Может быть, он уже заметил и боялся того, что захватывало столичный и провинциальный русский театр? Стилизация «под Художественный театр», копирование внешних приемов, та театральная «чеховщина» и «мхатовщина», в которой ни Чехов, ни молодой московский театр были не повинны. Начиналось тиражирование открытий Художественного театра, опошление драматургии Чехова. Порой, как в случае с «Чайкой» в Александринском театре осенью 1902 года, при самых благих намерениях.

* * *

После петербургской премьеры «Чайки» 15 ноября Смирнова записала в дневнике: «Успеха она не имела. Было скучно, томительно. Играли по-станиславски, с паузами, с настоящей травой в саду. <…> Было много всхлипываний, рыданий <…>» Хотя играли талантливые актеры — Савина, Ходотов, Варламов.

В провинции подражание москвичам доходило до курьезов и анекдотов. Однако именно в провинциальной прессе в рецензиях некоторых умных, наблюдательных критиков внимание сосредоточилось на самой драматургии Чехова, на том, как и какие настроения «нервного века» она уловила. Особенно пьеса «Три сестры» — статьи о ней превратились в разговор о российской провинции, о тревожных симптомах русской жизни.
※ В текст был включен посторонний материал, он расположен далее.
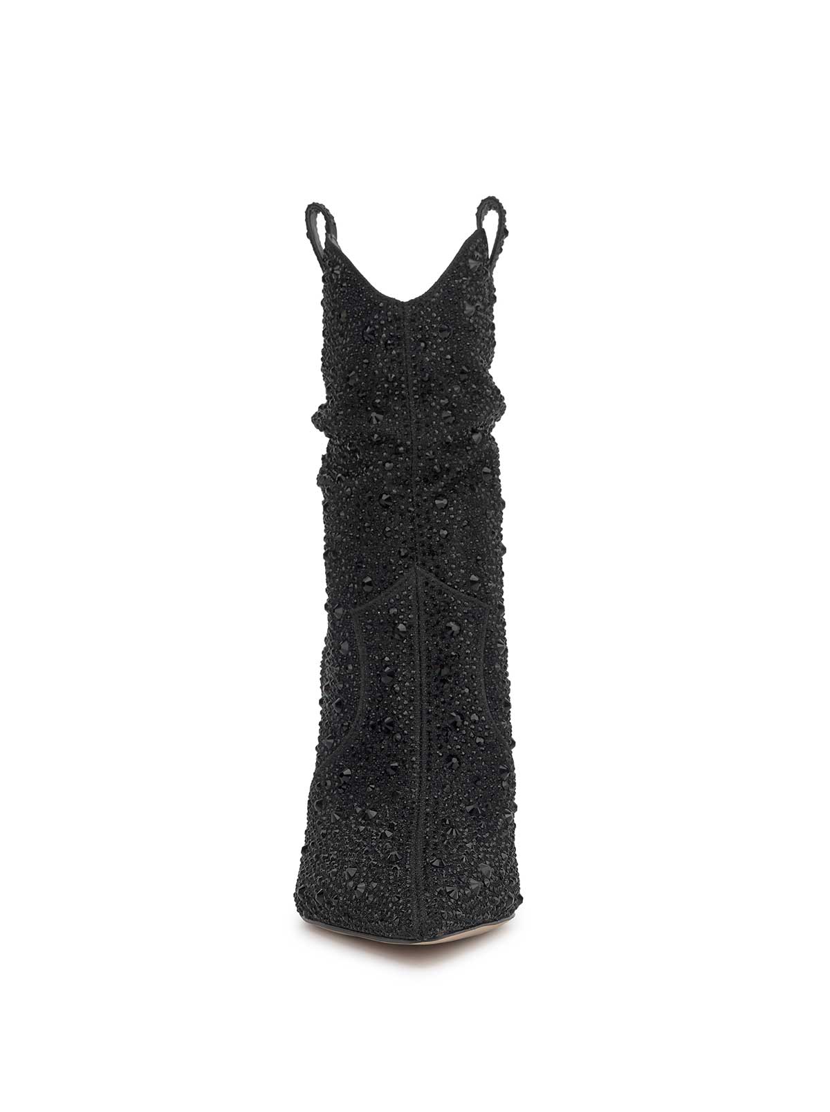 Turn heads with this glam-meets-Western ankle boot, designed to make a bold statement. Featuring a pointed toe and sleek stiletto heel, this boot blends cowgirl charm with high-fashion flair. Covered in sparkling rhinestone embellishments, the design catches the light with every step. Pull tabs and Western-inspired stitching complete the look, making it the perfect choice for concerts, parties, or adding standout style to your everyday wardrobe.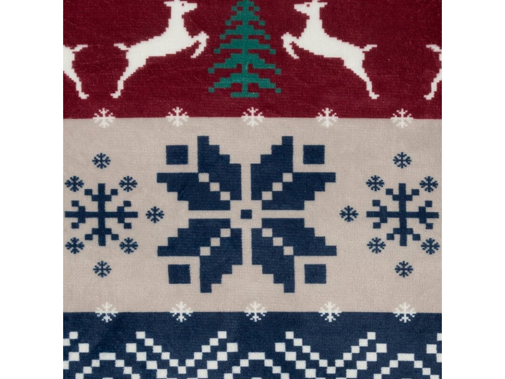 Tradiční vzor se sněhovými vločkami, sobíky a zimními motivy v červeno-modro-bílých odstínech navodí pravou vánoční atmosféru a skvěle doladí váš interiér k vánočnímu stromku.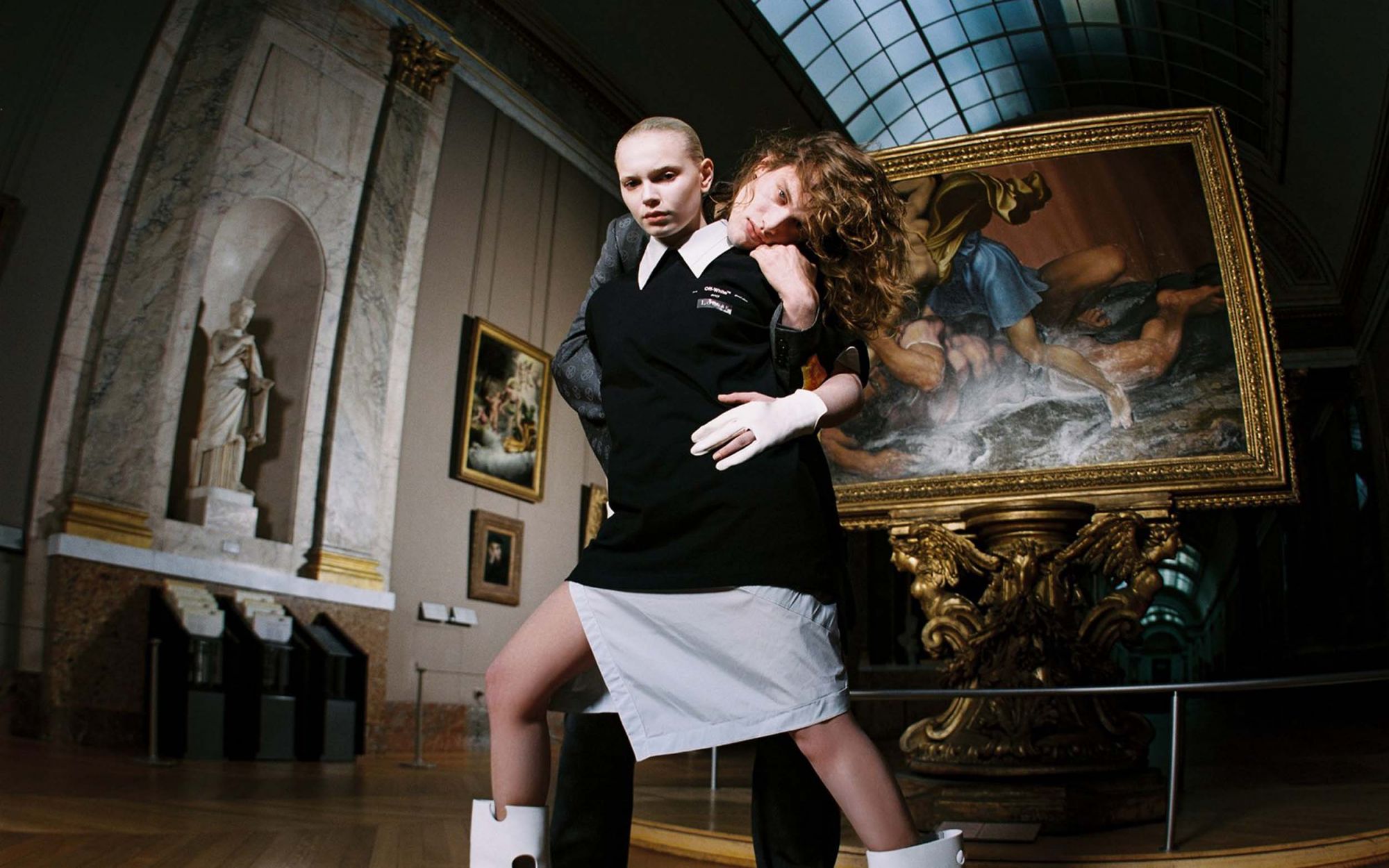 Le foto ufficiali della release di Off-White e Louvre sono state scattate nella Grand Galerie del Louvre, la sala più famosa dell’intero Museo - fatta eccezione per quella che contiene la Monna Lisa - e che rappresenta una sorte di Sacro Graal per l’arte classica museale. La stessa sala in cui, nel giugno del 2018, Beyoncé e Jay Z girarono una buona parte di “APESHIT”, il video del primo singolo estratto dal loro album collaborativo. Il video non aveva solamente avuto un grande impatto mediatico - tale che lo stesso Louvre decise di realizzare un percorso tematico per la visita delle opere coinvolte nel video - ma anche pubblicitario (il direttore del Louvre annunciò che “APESHIT” aveva attivamente contribuito al grande 2018 del museo). Il più grande risultato del video fu la nascita di una conversazione positiva attorno alla riappropriazione degli spazi museali da parte degli afroamericani. Luoghi da sempre eurocentrici, dai quali gli afroamericani sono stati storicamente esclusi, se non fosse per le eccezioni brillanti di artisti come Basquiat o Kehinde Wiley - l’artista che Obama ha scelto per il tradizionale ritratto presidenziale conversato alla a National Portrait Gallery. Ma pure in questi casi, l’arte nera è spesso stata goduta dal pubblico bianco, magari estraneo ai significati più profondi dell’opera, o alla sua rilevanza socio-politica. Il paradosso è ben rappresentato da una delle prime scene di Black Panther, in cui la guida del museo londinese che accoglie Killmonger non è a conoscenza del valore (il vibranio) dell’opera a cui il personaggio interpretato da Micheal B Jordan si mostra interessato.

Именно этой пьесой Мейерхольд, ушедший из Художественного театра, открыл свой первый сезон в Херсоне. Рецензент писал о чеховской драме в местной газете «Юг»: «Автор не заботится о том, чтобы „развить идею“, „обрисовать характер“ и пр. Его цель вызвать в нас известное состояние духа, известное настроение. Автор ничего не диктует нам, ничего не предрешает. Он заставляет нашу душу вибрировать в унисон со своею; он заражает нас своим настроением».

Книппер то звала мужа в Москву, надеясь, что около театра он «втянется» в работу, то уговаривала остаться в Ялте, обещала взять зимой отпуск: «А мы с тобой еще поживем, увидишь. <…> Я к тебе приду во сне и поцелую нежно и шепну кое-что на ушко». Сама она уже втянулась в свою театральную жизнь. Конфликт с золовкой давно был исчерпан. Да его и не было. Ольга Леонардовна точно заметила: «Пожалуйста, не думай, что я Машу обижаю, и не оправдывай ее. Я не зверь, а Маша далеко не тот человек, кот. даст себя в обиду. Она сильнее меня. Я кажусь такой, потому что говорю громко и кипячусь».